Wednesday, January 22, 2014

Mini cars aren't so safe? Are you surprised?

The Insurance Institute for Highway Safety tested mini cars--cars like the Honda Fit--and the ratings were not favorable.  This doesn't actually surprise me.

I had a 1999 VW Golf GLS, which was about the same size as many of the cars in this category, but it was around 2800 pounds, probably 600 pounds heavier than most.

When I was looking for another car, I considered the category because of the size.  However, I couldn't find one with rear wheel disc brakes or other realistic safety items or features.  I quickly abandoned the category as unfit, at least, for me.

Over the time I've owned the various Volkswagen models (1985, 1986, 1990, 1999, 2012), the size of the Golf has increased quite a lot, and yet, it's still not a huge car on the outside, even though the inside is much bigger than you would expect.

It's obvious from the weight that there is much more in the car than the engine and transmission.  For small cars, Volkswagen has often done more than the typical economy car maker to safeguard passengers.  The passive knee pad was an early innovation that seems to have gone away but had its time and place.

I'm going to be rude because it seems as though someone gets behind the wheel of an SUV and loses their ability to think.  They seem to be more aggressive (especially early Ford Explorer drivers), and do stupid actions that they wouldn't normally do with anything else, thinking that the vehicle was made for ridiculous maneuvers that you would only see in movies.

I've driven one Jeep Grand Cherokee, one Chevrolet Suburban (which hardly seems an SUV), and a Jeep CJ5.  They seemed better in the slow lane, as the center of gravity was too high to keep the vehicle steady in curves and turns.

So, taking a mini car like a Mazda 2 up against a Jeep Grand Cherokee, which isn't all that steady isn't for the timid.  (Remembering someone telling me that his friend's mum took their Hummer H2 (not the craptacular GM platform) through a fast food drive-thru and ran over a number of things makes me wonder if the H2 would just crush the Mazda 2 in traffic.

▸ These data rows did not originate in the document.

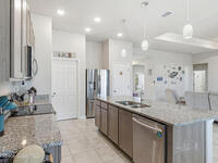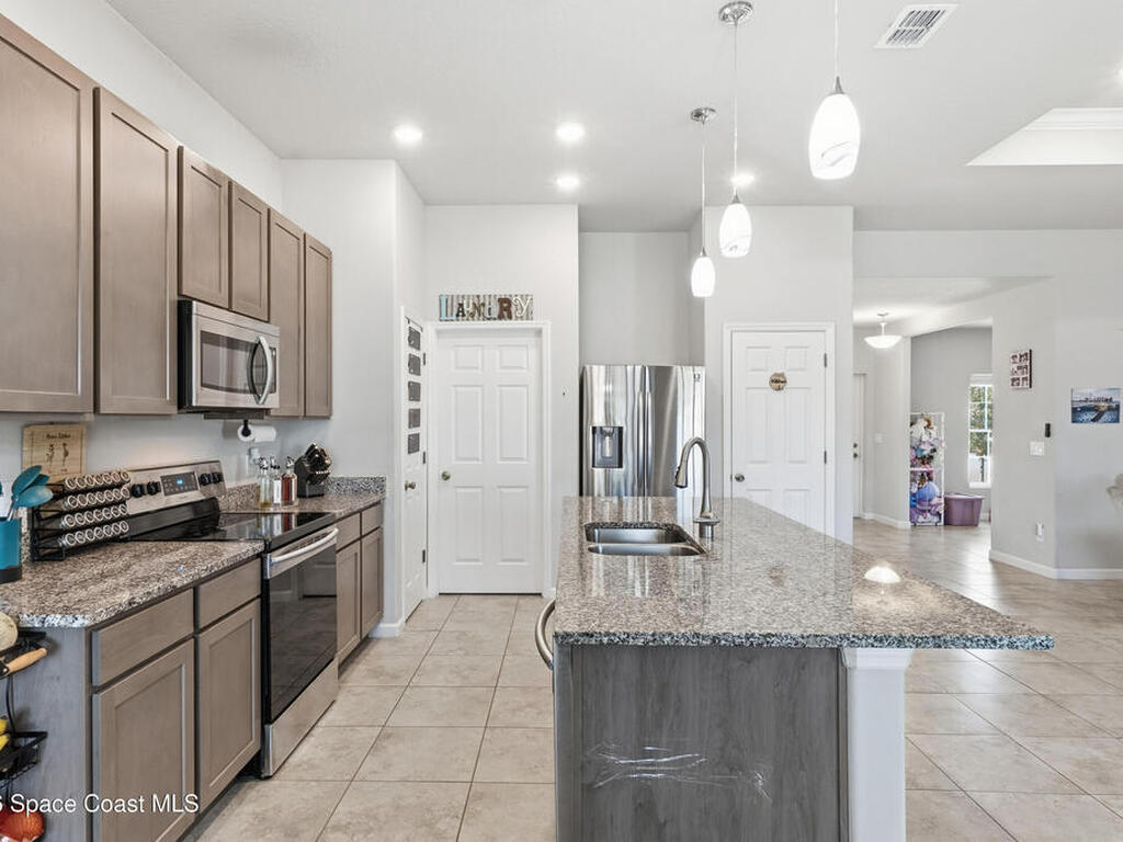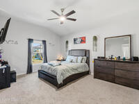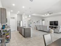 Beautiful Upgraded Home with Bright, Open Living Spaces. This stunning home showcases a stone‑accented French Country elevation and thoughtful upgrades throughout. An open concept design welcomes you with a private study and formal living room. The main living area features tray ceilings, refined trim molding, and abundant natural light. The gourmet kitchen offers a center island, elegant finishes, and an extended breakfast nook perfect for everyday dining. Expansive 12' sliding glass doors open to a covered porch overlooking a large, fenced yard, ideal for outdoor living. Additional enhancements include a whole‑home water softener and UV‑C germicidal lights in the AC system for improved air purification. Tile throughout the main area.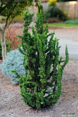Кипарисовик тупой Chirimen (Чиримен). Невысокий медленнорастущий кустарник. Высота 1,2-1,5 м, ширина 0,4-0,6 м, данные для 10-ти летнего возраста. Хвоя зелёная.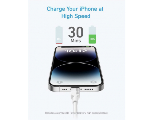 Cablu Anker USB-C USB-C 240W cu de 5x mai multa durata de folosire datorita materialelor speciale utilizate in procesul de productie si a nenumaratelor teste pentru rezistenta la indoire. Suporta pana la 240 W Power Delivery pentru a incarca rapid diverse dispozitive, inclusiv telefoane, tablete si laptopuri.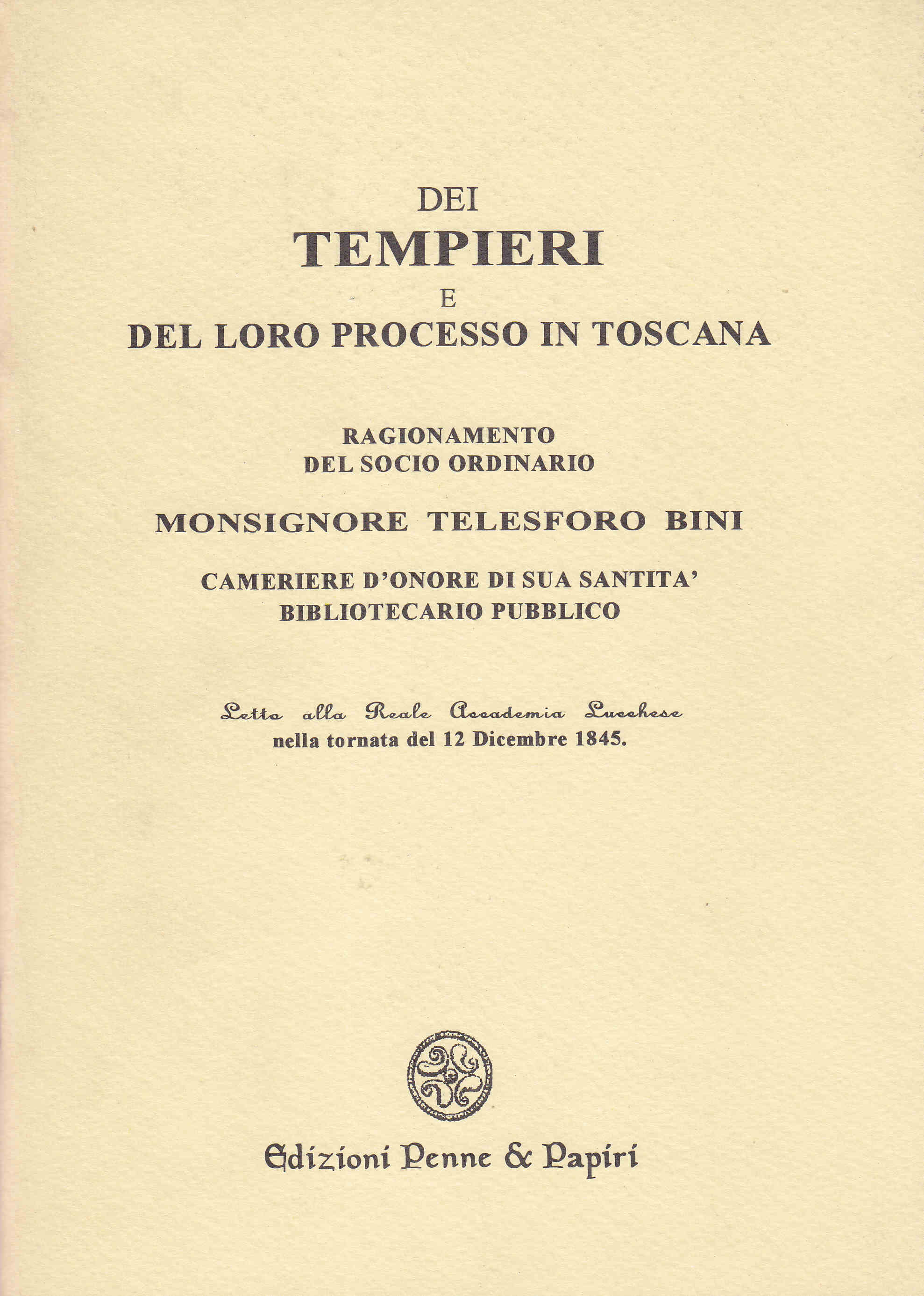 TITOLO/DENOMINAZIONE: Dei tempieri e del loro processo in Toscana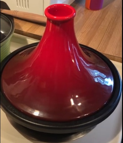 Tutup kerucut berulang kali mengembunkan uap dari hidangan yang dimasak, lalu turun dan merendam isi tagine.
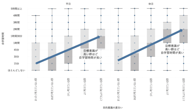 進路に対する目的意識の有無と自学習慣の相関性を示唆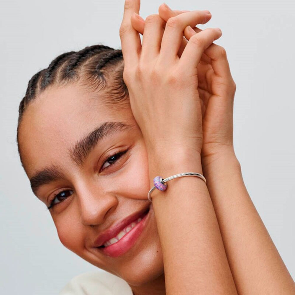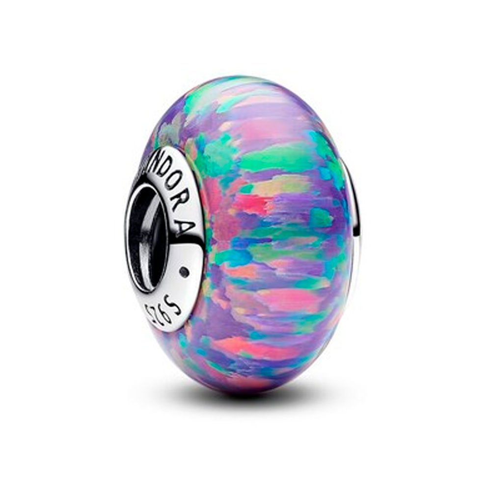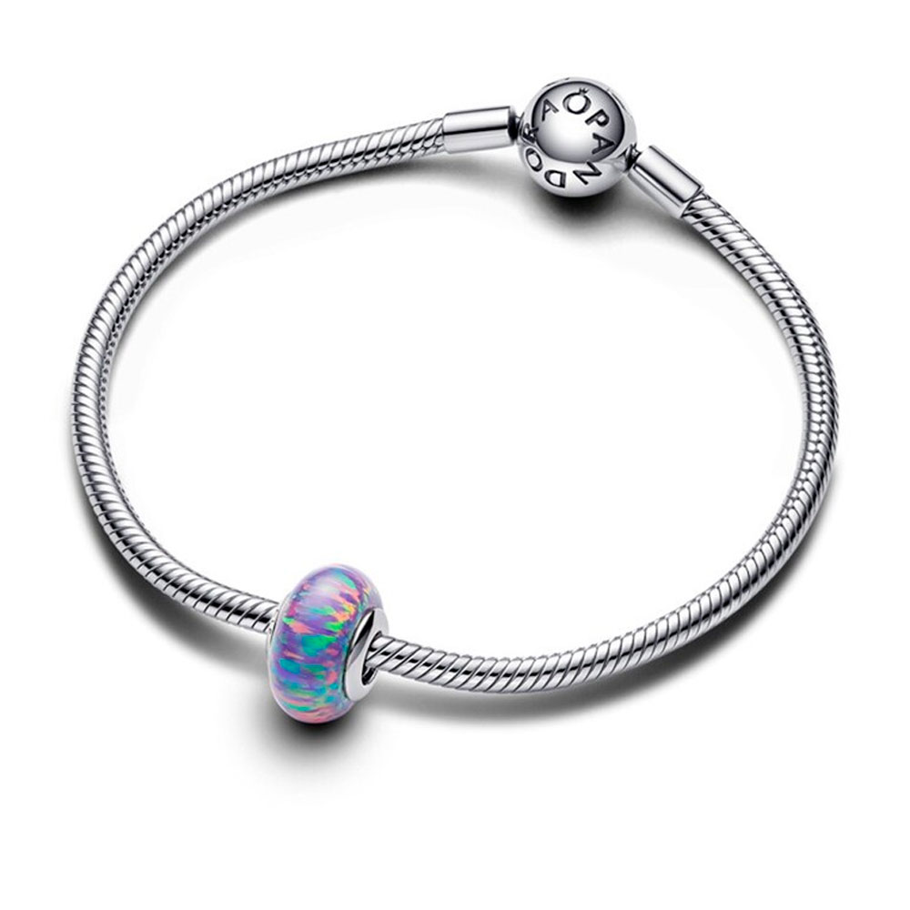 Создайте свой собственный миг всеохватывающего сияния любви с помощью шарма с пурпурным опалом. Выращенный в лаборатории опал имеет серебряную сердцевину и переливается всеми цветами радуги.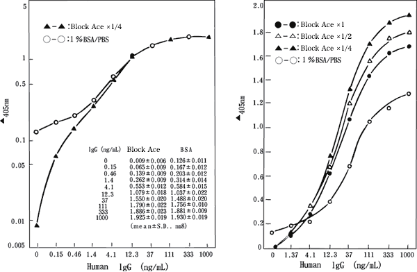 包被抗人κ链抗体和抗人λ链抗体,并用Block Ace和1%牛血清白蛋白(BSA)进行封闭处理。人IgG ELISA实验结果表明:Block Ace具有更低的背景值,且标准曲线斜率更陡。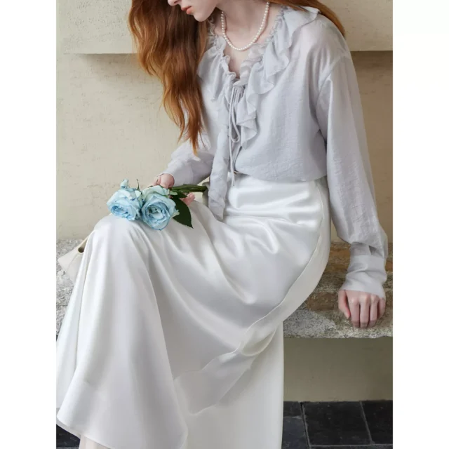 Step into refined style with this stunning Women’s Ruffled V-Neck Vest and Blouse Set. Crafted for the modern woman, this set offers a perfect blend of sophistication and comfort, making it an ideal choice for both office wear and casual outings. The soft grey color exudes a timeless appeal, while the loose fit and drop sleeves ensure effortless elegance.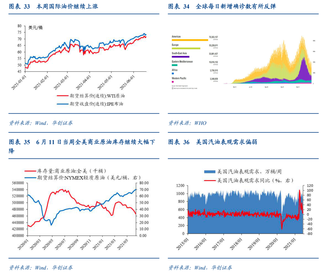 本周国际油价冲高回落,小幅收涨,已连涨四周。伊朗供给压力缓释、库存继续去化推动油价继续上涨,但印度变种毒株持续在全球大范围扩散以及美联储议息会议后美元走强也拖累了油价走势。截至6月18日,布油结算价收于73.22美元/桶,上涨0.83%;WTI原油期货结算价收于71.64美元/桶,上涨1.03%。上周美国商业原油库存继续大幅下降,6月11日当周,美国商业原油库存下降735.5万桶,环比下降1.55%。美国汽油表观需求偏弱,6月11日当周,美国汽油表观需求约964.7万桶/周,环比增长14.5%,较2019年同期水平下降约9.5%。国内方面,汽油和柴油价格继续上涨。截至6月18日,汽油价格收于8231元/吨,上涨0.76%;柴油价格收于6682元/吨,上涨1%。6月上旬,重要石化品价格涨少跌多。苯乙烯、LLDPE、聚丙烯、顺丁橡胶价格延续跌势,分别下跌5.6%、1.3%、1.2%、2.3%;石油苯、聚氯乙烯、涤纶长丝价格小幅反弹,分别上涨1.9%、0.4%、0.3%。![]()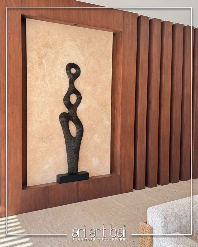 Ari Art Bali presents an elegant stainless steel sculpture, specially crafted for Villa Natalie in Umalas. This bespoke piece features a sophisticated dark bronze finish, adding a touch of timeless elegance to the villa’s luxurious surroundings.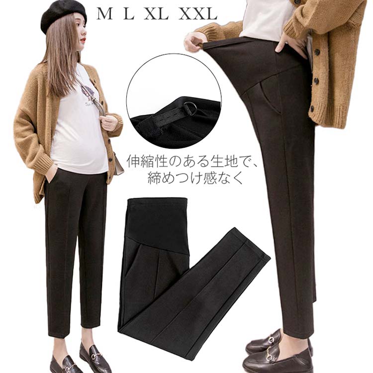マタニティ パンツ レディース 春 秋 冬 九分丈 薄手 テーパードパンツ 細身 レディース マタニティウェア 大きいサイズ ストレッチ スーツズボン 妊婦 フォーマル 無地 黒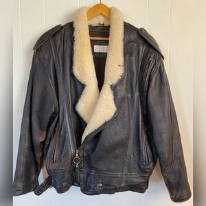 Joint Intl Men’s Bomber Jacket 42 Black Leather Harley Davidson Sherpa *Read*

If the Mazda 2 could have been configured with safety gear, I really would have considered it.  However, it and the others were too much like the flimsy European cars of the 1970s, like the Renault 5 or Fiat 128.  They may pass government safety standards but the federal government has been slow to move those standards in order to pacify the auto industry.

I wonder what sort of results the Germans would get in the same tests.  Audi, Mercedes-Benz, and Volkswagen all have much smaller cars that never arrive in the U.S.A.  I'm sure it's difficult to make money on them, so they will likely never see this country.